*WORK TO BE COMPLETED*. Look below for the line with "収納 キャビネット 棚" and the line with "SCH was contracted". Copy exactly those two lines and every line between, but not the pictures.

Records contained in a dataset:

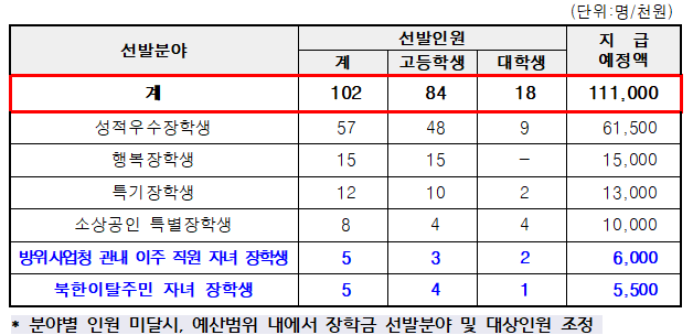 마. 방위사업청 관내 이주 직원 자녀 특별장학생(고등학생 3, 대학생 2)
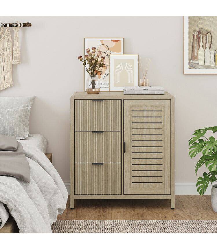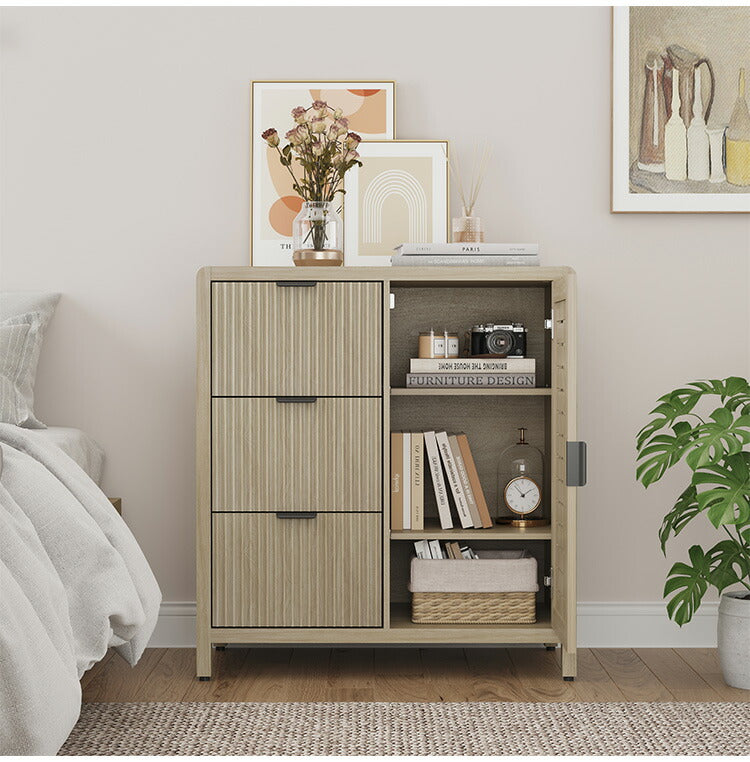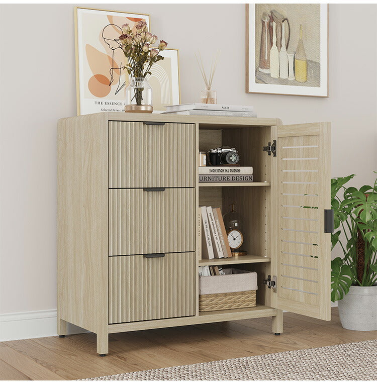 収納 キャビネット 棚 幅93cm サイドキャビネット チェスト カウンター 扉収納 棚収納 引き出し チェスト 3段 タンス 収納棚 韓国インテリア ラック シンプル ナチュラル かわいい おしゃれ 木目調 ROOMY(代引不可)
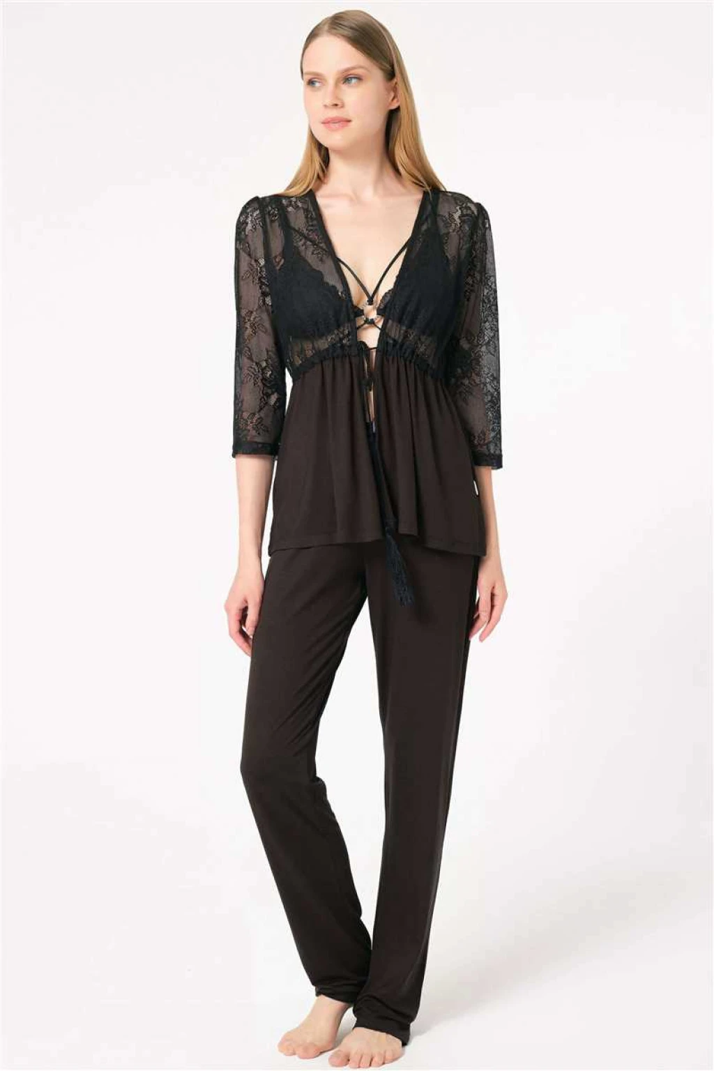 Kısa Ad:Kadın Dantelli Sabahlık Balensiz Desteksiz Dolgusuz Yaka Detaylı Sütyen ve Pantolon Pijama 3'lü Takım (5698)
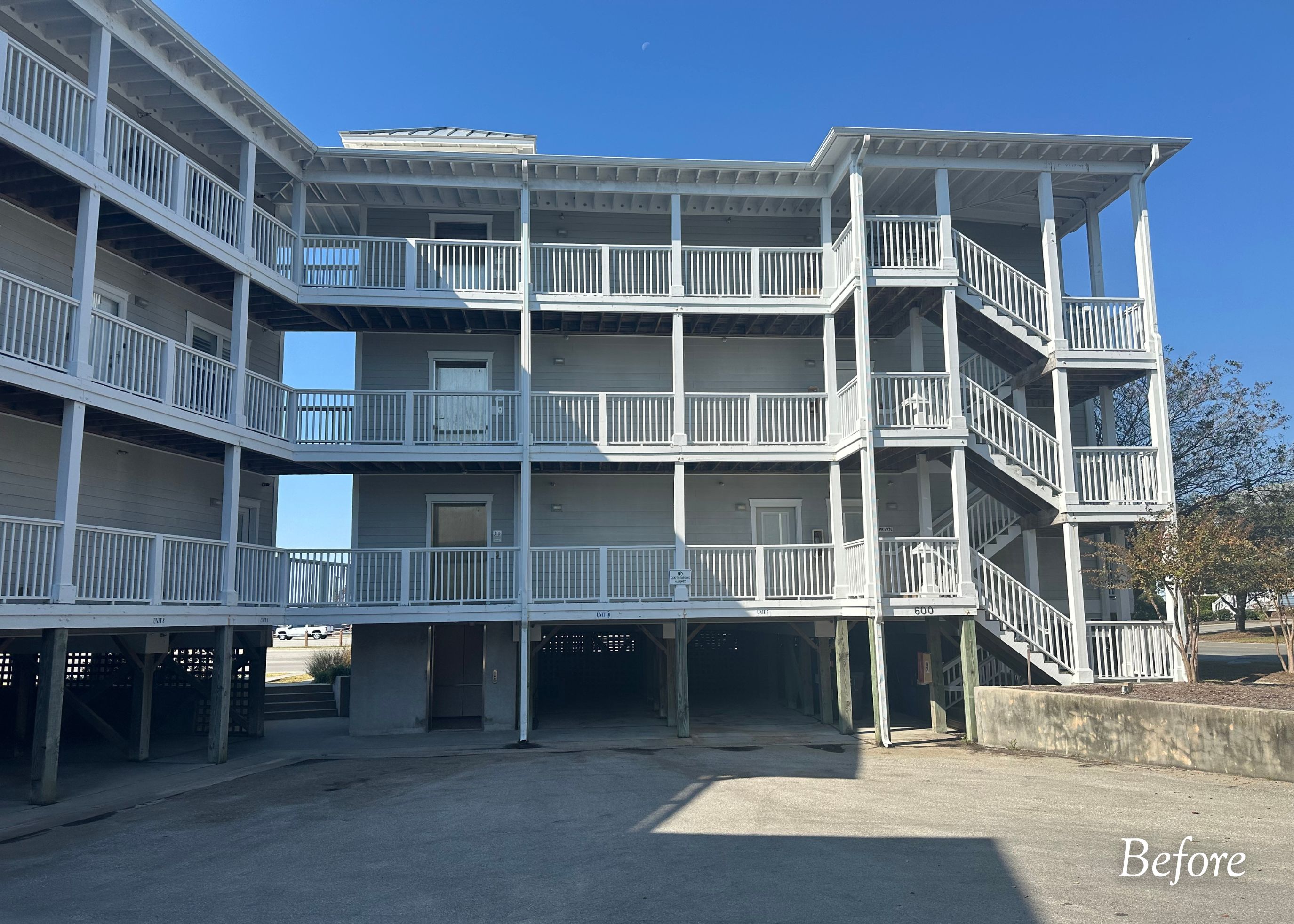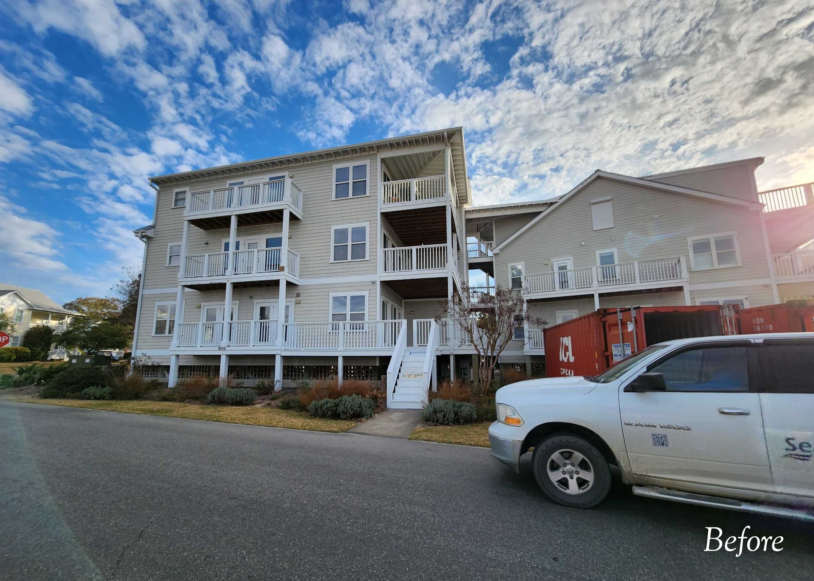SCH was contracted to completely refurbish the exteriors of both multi-story buildings of this commercial & residential complex in Southport. With stunning views of the Intracoastal Waterway & Southport Marina the buildings are in a prominent and desirable downtown location. While extensive repair was needed from long term moisture damage, SCH completed all structural and aesthetic repairs and upgrades. As a residential & commercial builder, SCH Property Development Corp (SeaCoast Homes), replaced all the siding, HVAC units, windows, exterior doors, locks, decking, railing & stairs. Interior drywall repair and painting was completed in all units. The siding was replaced with James Hardie ColorPlus Siding, with installation coordinated by a James Hardie certified team. SCH also replaced the decking, repaired the deck joists, and installed new copper flashing. The wood railings were replaced with white vinyl railings, and all posts were wrapped with PVC for long-lasting protection. Some staircases were rebuilt and "UpSide" Under-Decking was installed to provide waterproof enjoyment on the waterfront decks. While this project presented many challenges, both SCH and the owners were thrilled with the exceptional results. Special thanks go out to all 12 unit owners for their cooperation & kind words.
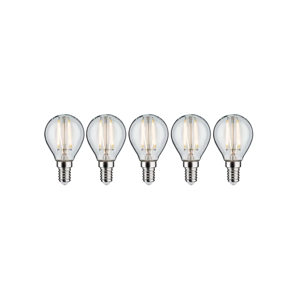 Le kit d’ampoules comprend 5 ampoules sphériques à filament, gradables. Les ampoules à filament diffusent la lumière dans toutes les directions. Éclaire de façon uniforme même les plus grands abat-jour. Elles ont une température de couleur blanc chaud agréable.
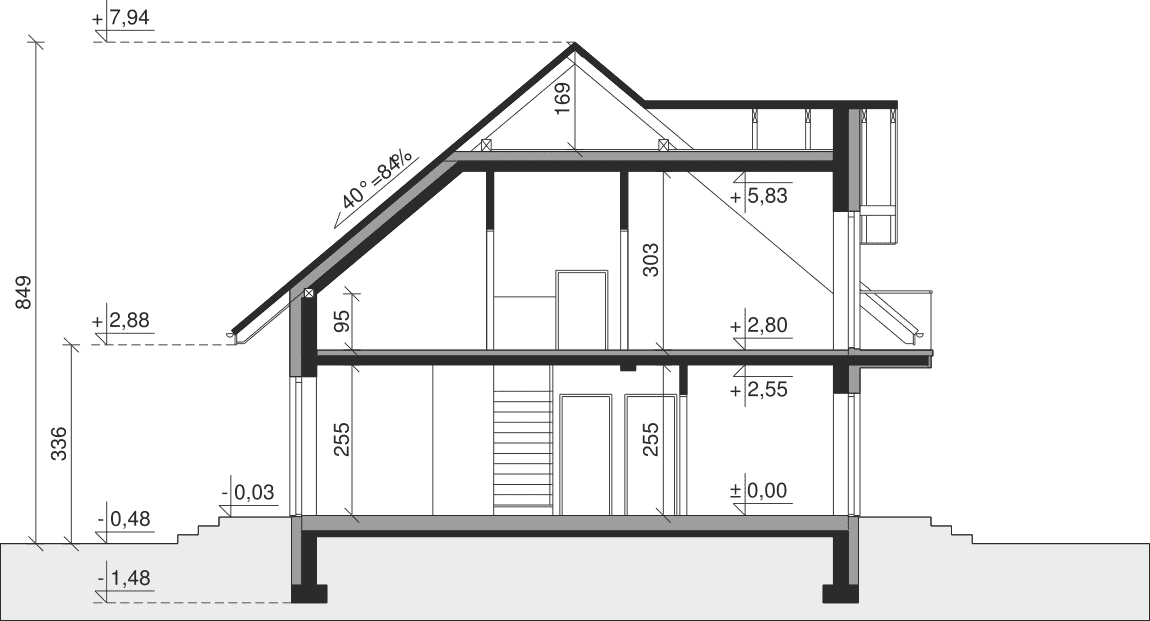 Dach: kąt nachylenia 40°, pokrycie - dachówka ceramiczna lub betonowa.
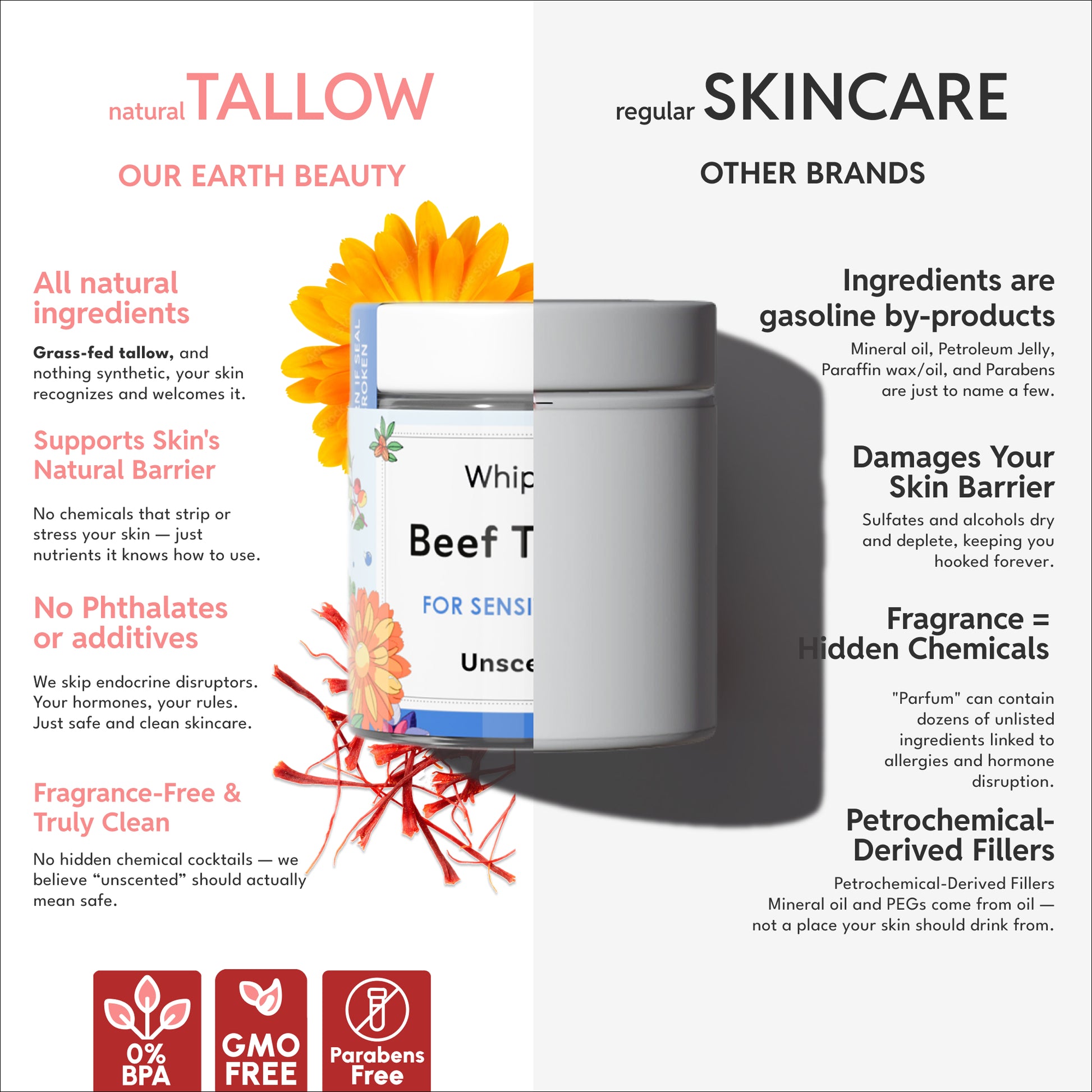 Our Unscented Whipped Tallow Balm is the cleanest moisturizer on the market — made for ultra-sensitive skin and anyone seeking a truly fragrance-free, non-toxic skincare option.

*FINISHED EXERCISE*.
 収納 キャビネット 棚 幅93cm サイドキャビネット チェスト カウンター 扉収納 棚収納 引き出し チェスト 3段 タンス 収納棚 韓国インテリア ラック シンプル ナチュラル かわいい おしゃれ 木目調 ROOMY(代引不可)
 Kısa Ad:Kadın Dantelli Sabahlık Balensiz Desteksiz Dolgusuz Yaka Detaylı Sütyen ve Pantolon Pijama 3'lü Takım (5698)
SCH was contracted to completely refurbish the exteriors of both multi-story buildings of this commercial & residential complex in Southport. With stunning views of the Intracoastal Waterway & Southport Marina the buildings are in a prominent and desirable downtown location. While extensive repair was needed from long term moisture damage, SCH completed all structural and aesthetic repairs and upgrades. As a residential & commercial builder, SCH Property Development Corp (SeaCoast Homes), replaced all the siding, HVAC units, windows, exterior doors, locks, decking, railing & stairs. Interior drywall repair and painting was completed in all units. The siding was replaced with James Hardie ColorPlus Siding, with installation coordinated by a James Hardie certified team. SCH also replaced the decking, repaired the deck joists, and installed new copper flashing. The wood railings were replaced with white vinyl railings, and all posts were wrapped with PVC for long-lasting protection. Some staircases were rebuilt and "UpSide" Under-Decking was installed to provide waterproof enjoyment on the waterfront decks. While this project presented many challenges, both SCH and the owners were thrilled with the exceptional results. Special thanks go out to all 12 unit owners for their cooperation & kind words.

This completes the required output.